The downside, like I pointed out in another comment [1], is that even with
(hypothetical) read-only access to your email account, a malicious party could
arguably steal your accounts elsewhere on the net — that being the main reason
why you'd want to have 2-factor authentication whenever possible.

But the trading the 2-factor auth for Google's disposable, device-specific
passwords is not at all unreasonable.

[1] <http://news.ycombinator.com/item?id=2699867>

------
yaakov34
I don't understand why so few comments mention that the "last chance form" is
a huge security hole. It seems like most of the information for filling it can
be seen by someone over my shoulder as I use Gmail. And it's apparently
completely automated and can be tried multiple times. I use a strong
passphrase and two-factor authentication for a reason, and this defeats it. I
already disable the "secret questions", since I don't want cracking the
account to be much easier than cracking the passphrase.

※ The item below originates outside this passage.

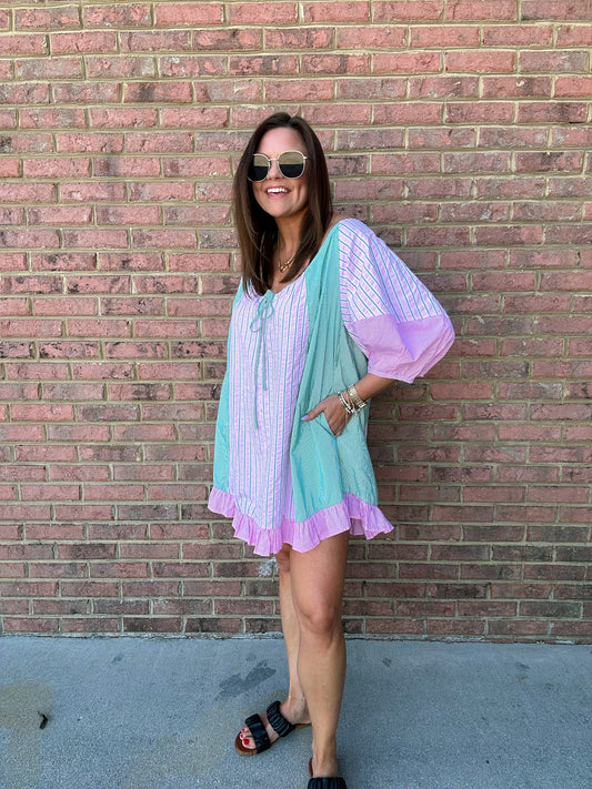 BE BOLD POPLIN MAXI DRESS - BLUE/PINK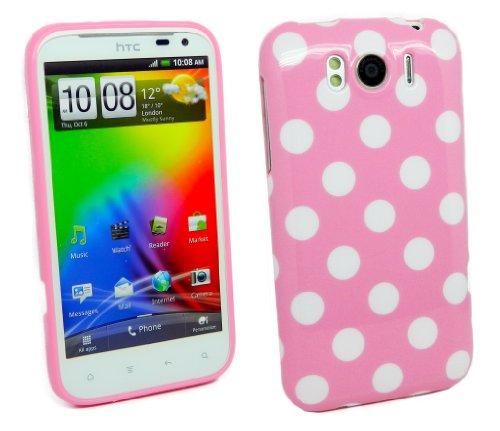 Kit Me Out IT - HTC Sensation XL Android Protezione Custodia / Cover / Skin TPU Gel Polka Dots 'Pois' Rosa + LCD Pellicola Protettiva Schermo

I would like Google to give me an option to disable the "last chance form" for
my account. Or, if they inisist, I'd like the "last chance" to be to fly to
Mountain View and show Google my passport or a court order.

EDIT: and for extra bogusness, it seems that the information needed for the
"last chance form" can't be changed if it's compromised. I mean, I can change
my passphrase if I suspect it leaked, but how do I change the date when I
started using Gmail? Sounds like the best thing to do the moment a Google
account is compromised is to close it.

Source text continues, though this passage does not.